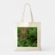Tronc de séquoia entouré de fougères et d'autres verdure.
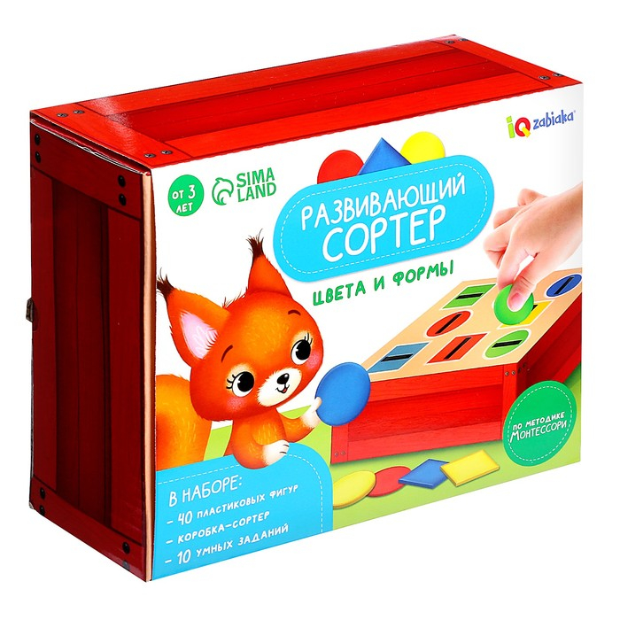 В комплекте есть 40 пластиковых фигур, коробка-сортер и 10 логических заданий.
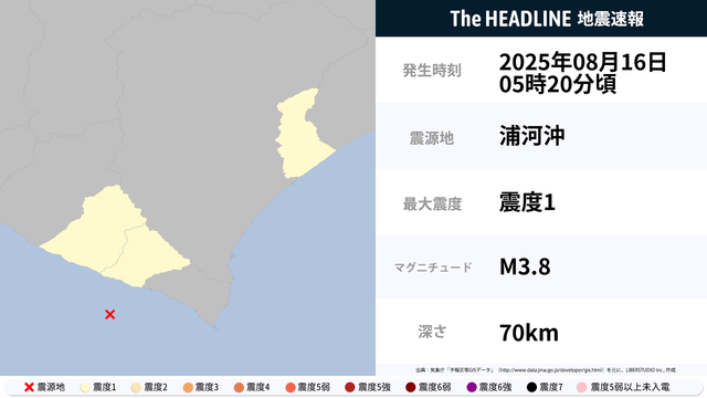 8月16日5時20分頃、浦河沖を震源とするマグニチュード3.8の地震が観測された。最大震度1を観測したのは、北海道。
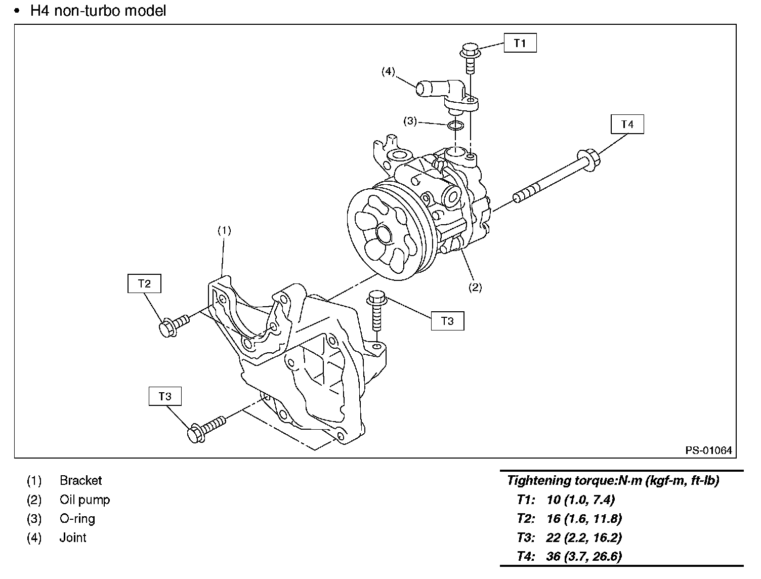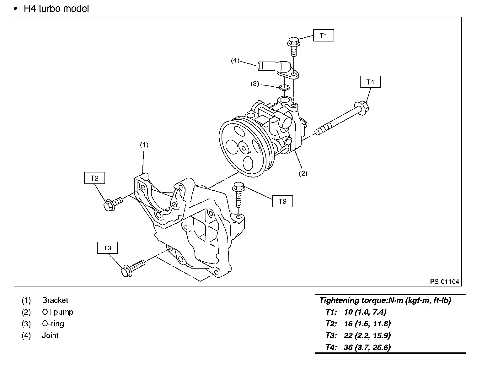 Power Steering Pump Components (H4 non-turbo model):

● **TASK DIRECTIONS**
Write out the listing above in full, word for word, with no pictures.

● **ANSWER TO THIS EXERCISE**
Tronc de séquoia entouré de fougères et d'autres verdure.
 В комплекте есть 40 пластиковых фигур, коробка-сортер и 10 логических заданий.
 8月16日5時20分頃、浦河沖を震源とするマグニチュード3.8の地震が観測された。最大震度1を観測したのは、北海道。
 Power Steering Pump Components (H4 non-turbo model):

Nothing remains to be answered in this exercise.